We've elected to switch gears a bit and show correlation between the 30 year bond (ZB) and The S&P futures contract.  The S&P contract is the Standard and Poor's and the purpose is to show reverse correlation between the two instruments.  Remember it's liken to a seesaw, when up goes up the other should go down and vice versa.

Yesterday the ZB made a major move at around 9 AM EST.  The ZB hit a Low at around that time and the S&P hit a High.  If you look at the charts below ZB gave a signal at around 9 AM EST and the S&P was moving Lower at the same time. Look at the charts below and you'll see a pattern for both assets. ZB hit a Low at around 9 AM and the S&P was moving Lower at the same time.  These charts represent the newest version of MultiCharts and I've changed the timeframe to a 15 minute chart to display better.  This represented a Long opportunity on the 30 year bond, as a trader you could have netted about 15 ticks per contract on this trade.  Each tick is worth $31.25.  Please note: the front month for the ZB is now December.  The S&P contract is now at December as well and I've changed the format to Renko bars such that it may be more apparent and visible.

 

Charts Courtesy of MultiCharts built on an AMP platform.

ZB

 

SP

 

Bias

Yesterday we gave the markets a Downside bias as both the USD and the Bonds were trading Higher yesterday morning and this is generally indicative of an Upside Day.  The markets didn't disappoint as the Dow gained 237 points and the other indices gained ground as well.  Today we aren't dealing with a correlated market and our bias is Neutral.

Could this change?

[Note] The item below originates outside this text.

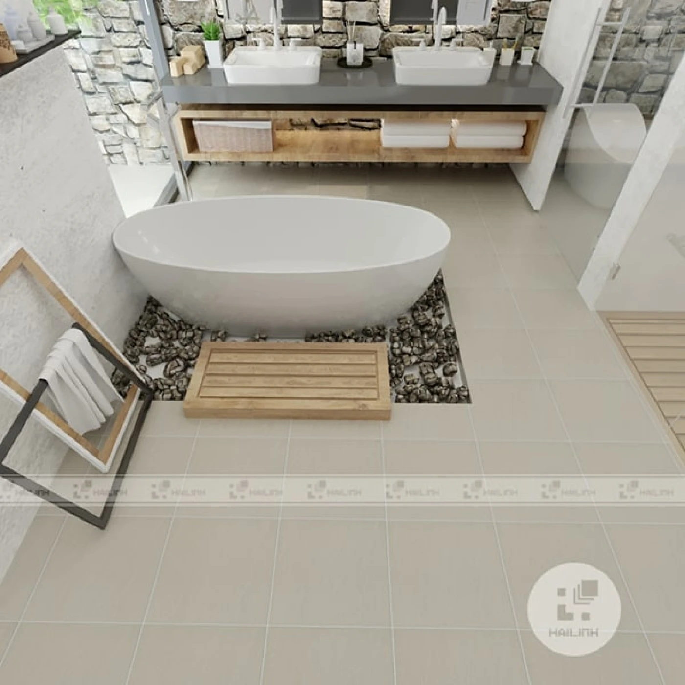Gạch TAICERA G38046 30x30, vân đá, men mờ, màu kem ứng dụng lát nền phòng tắm

Of Course.  Remember anything can happen in a volatile market. 

 

Commentary

Yesterday morning reading the market tea leaves wasn't as easy as we would like as the USD flip flopped between negative and positive territory.  Ordinarily we would like to see clear signs of correlation but yesterday it wasn't that clear.  We did believe that the USD would lose ground (as it eventually did).  Today we have about 12 major economic reports with three FOMC members speaking so today will have its own set of challenges.  From our point of view we will just stick to our rules of market correlation that has served us well.

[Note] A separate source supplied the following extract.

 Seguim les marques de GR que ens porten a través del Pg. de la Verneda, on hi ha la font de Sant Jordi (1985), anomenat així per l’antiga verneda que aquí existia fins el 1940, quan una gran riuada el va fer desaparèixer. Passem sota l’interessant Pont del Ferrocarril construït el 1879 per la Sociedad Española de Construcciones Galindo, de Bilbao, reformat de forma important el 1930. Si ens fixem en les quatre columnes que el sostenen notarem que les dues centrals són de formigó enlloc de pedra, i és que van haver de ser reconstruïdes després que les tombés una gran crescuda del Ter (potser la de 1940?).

Trading performance displayed herein is hypothetical. The following Commodity Futures Trading Commission (CFTC) disclaimer should be noted.

Hypothetical performance results have many inherent limitations, some of which are described below. No representation is being made that any account will or is likely to achieve profits or losses similar to those shown.

In fact, there are frequently sharp differences between hypothetical performance results and the actual results subsequently achieved by any particular trading program. One of the limitations of hypothetical performance trading results is that they are generally prepared with the benefit of hindsight.

In addition, hypothetical trading does not involve financial risk, and no hypothetical trading record can completely account for the impact of financial risk in actual trading. For example, the ability to withstand losses or to adhere to a particular trading program in spite of trading losses are material points which can also adversely affect actual trading results.

There are numerous other factors related to the markets in general or to the implementation of any specific trading program which cannot be fully accounted for in the preparation of hypothetical performance results and all of which can adversely affect actual trading results.

Trading in the commodities markets involves substantial risk and YOU CAN LOSE A LOT OF MONEY, and thus is not appropriate for everyone. You should carefully consider your financial condition before trading in these markets, and only risk capital should be used.

In addition, these markets are often liquid, making it difficult to execute orders at desired prices. Also, during periods of extreme volatility, trading in these markets may be halted due to so-called “circuit breakers” put in place by the CME to alleviate such volatility. In the event of a trading halt, it may be difficult or impossible to exit a losing position.